Peter Marino’s “Frick by the Sea”

Peter Marino’s “Frick by the Sea”

Architect Peter Marino has found the perfect home for his collection in a Queen Anne revival house
Architect Peter Marino has found the perfect home for his collection in a Queen Anne revival house

I t is a year since internationally acclaimed architect and collector Peter Marino opened his eponymous art foundation to the public. The foundation inhabits a historic building: the 19th-century Queen Anne Revival Rogers Memorial Library in Southampton, New York, designed by RH Robertson and built in 1895. When the library moved elsewhere, the Parrish Art Museum used the idiosyncratic building as an annexe for a while, before it slid down the social scale to host a linen store. In 2018 Marino rescued it and subsequently transformed it. He has constructed a flamboyant Gesamtkunstwerk, restoring the exterior and redesigning the interior, furnishing new spaces with curtains, Venetian stucco, luxurious parquet flooring and filling it with his own art works.

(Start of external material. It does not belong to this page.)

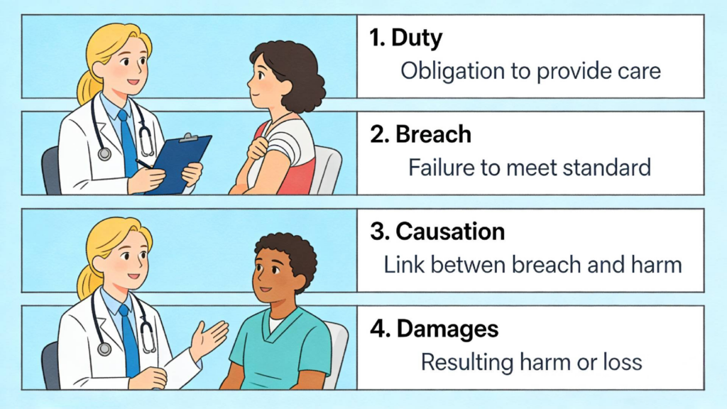 - Duty of Care You must prove a formal doctor-patient relationship exists. Once a physician agrees to treat you, they owe a legal duty to meet the standard of care.

A series of works by Jean Pagliuso, 2005–09. Photo: Jason Schmidt

Acquired over 40 years, this highly personal private collection ranges from Egyptian, Greek and Roman antiquities to Baroque bronzes, paintings by Jean-Michel Basquiat and sculpture by Les Lalanne, by way of Delacroix, 19th-century faience and the photography of Robert Mapplethorpe. Changing every season, with this year’s focused exhibitions of work by Vik Muniz (until 9 July), Anselm Kiefer (until October), Melvin Edwards (until October), Sanford Biggers (16 July–13 August) and Jean-Michael Othoniel & Johan Creten (20 August to October), locals and international visitors alike are invited to enjoy the different displays, talks and book signings. As Marino has remarked, mischievously, “I see it as a house museum. A Frick by the sea, if I may say so.”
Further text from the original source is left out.